Civic Center was an idea that originated with former Denver mayor Robert W. Speer. In 1904, Speer proposed a series of civic improvements based on the City Beautiful Ideas shown to him at the 1893 World Columbian Exposition in Chicago.

Speer hired Charles Mulford Robinson among others to develop plans for the area. Robinson proposed extending 16th Street to the Colorado State Capitol and to group other municipal buildings around a central park area. Such a plan was expensive however. Voter approval was necessary to acquire the funds, but the measure was defeated in a 1906 election.

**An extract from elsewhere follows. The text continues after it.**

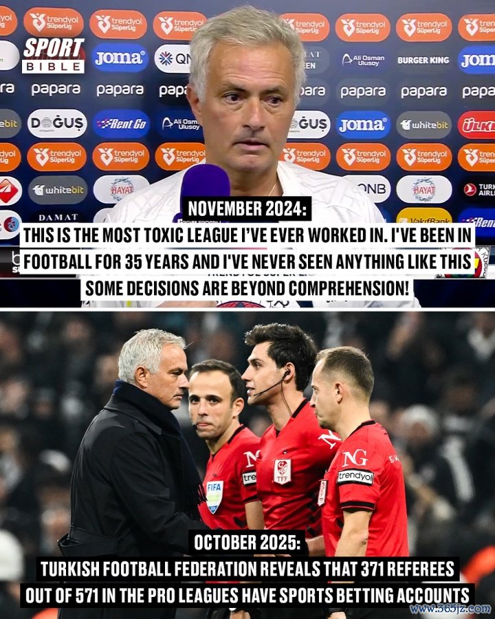 穆帅去年11月曾炮轰土超判罚,如今371名裁判被查有博彩账号
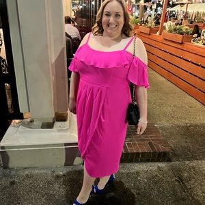 Bright Pink Off-Shoulder Cocktail Dress - City Chic

Undaunted, Speer gathered business leaders who brought in new ideas for the Civic Center including the creation of an east-west axial between the Colorado State Capitol, and swinging the north and south borders of the park into the city grid system.

These plans were stalled when in 1912, Speer was replaced as mayor. The new mayor brought in Frederick Law Olmsted Jr. who was developing plans for Denver's mountain parks. His ideas included an informal grove of trees on the eastern edge of the park, and a lighted concert area.

When Speer was reelected in 1916, he went against Olmsted's designs. Speer instead hired Chicago planner and architect Edward H. Bennett, a protégé of Daniel Burnham. Bennett combined the ideas of all of the previous plans, adding the Greek amphitheater, the Colonnade, the seal pond, and the realignment of Colfax Avenue and 14th Ave., around the park. The park officially opened in 1919. The City and County Building was finished in 1932.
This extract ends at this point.